Yes, the loss of life was relatively small, but there are far greater implications.

Last Tuesday’s attack was not the first domino to fall, as North Korea has engaged in similar provocative actions in the past. Many diplomats and foreign policy experts believe it could be the domino that knocks the rest. The consequence of this would be, at best, the continued deterioration of a fraught relationship, and at worst, a messy nuclear confrontation where the ordinary citizens of North and South Korea would suffer the most.

It is also clear that the citizens of North Korea have already suffered significantly. To call them citizens at all is to use the term loosely. They are more comparable to subjects in the sense that they have been subjected to a brutal regime where millions live below the poverty line. The most vulnerable of these are children, a significant portion of whom receive little or no education, and the elderly, who rely entirely on support from their families. In short, because of gross economic mismanagement, the people of North Korea are facing a bleak future.

Kim Jong-il, North Korea’s 68-year-old ‘supreme leader’ would vehemently disagree with this. The propaganda arm of his regime ensures that all external news is strictly censored. As for internal news, if you were to parachute in from another planet and listen to the state broadcaster, you’d think you had landed in a Marxist paradise.

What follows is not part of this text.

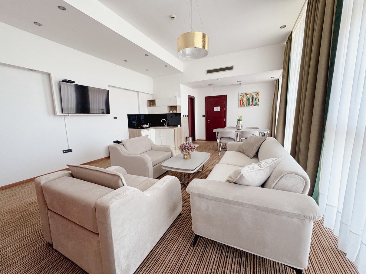 Naš luksuzni Apartman Superior, veličine 104 m², savršen je za goste koji traže prostranost i eleganciju. Ovaj apartman sadrži dodatni WC, prostor za sjedenje s kaučem, blagovaonicu, te potpuno opremljenu kuhinju s kuhinjskim priborom i pločama za kuhanje. Uživajte na terasi uz obrok na kuhinjskom stolu ili se opustite u hidromasažnoj kupki. Apartman je klimatiziran i opremljen minibarom, a gosti mogu gledati omiljene sadržaje na TV-u ravnog ekrana s kabelskim programima. Udobni ručnici i ogrtači dostupni su za vaš užitak, a besplatno privatno parkiralište osigurano je za sve goste.

The reality is, while North Koreans continue to suffer in extreme hardship, their Southern neighbours enjoy unprecedented economic growth. South Korea was one of the few developed countries to avoid a recession during the global financial crisis. The two countries may share a border and the second barrel of their name, but the similarities stop there. The two states could not be more different, economically, politically and socially.

North Koreans live in an economy where many are forced to barter to survive. In recent years, international aid has been reduced even further. This is partly attributable to the difficult economic climate, but it is also because people are understandably reluctant to donate to an unstable, tyrannical regime that is aggressively pursuing nuclear capabilities.

Furthermore, economic sanctions by the international community, as punishment for defying warnings to desist from conducting nuclear tests, have resulted in the ordinary people of North Korea bearing the brunt of the pain. This is an intolerable state of affairs, but one that looks likely to persist for the foreseeable future, until the North decides to roll back their belligerent policy of developing nuclear armaments and re-open dialogue with South Korea.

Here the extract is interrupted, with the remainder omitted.